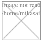
Image not readable or empty /home/mikasa/floors/public_html/sites/default/files/mikasa_logo_small.png
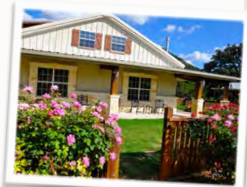
The Villa at Polvadeau Vineyards provides a luxury accommodation for your wedding night

For ceremonies Monday-Thursday $2,500 For ceremonies Friday-Sunday $3,000
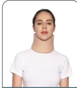
Cervical Collar Soft without Support

**Instructions for the task**:
Transcribe all the lines above exactly; any image among them is skipped.

**Your response**:
Image not readable or empty /home/mikasa/floors/public_html/sites/default/files/mikasa_logo_small.png
The Villa at Polvadeau Vineyards provides a luxury accommodation for your wedding night

For ceremonies Monday-Thursday $2,500 For ceremonies Friday-Sunday $3,000
Cervical Collar Soft without Support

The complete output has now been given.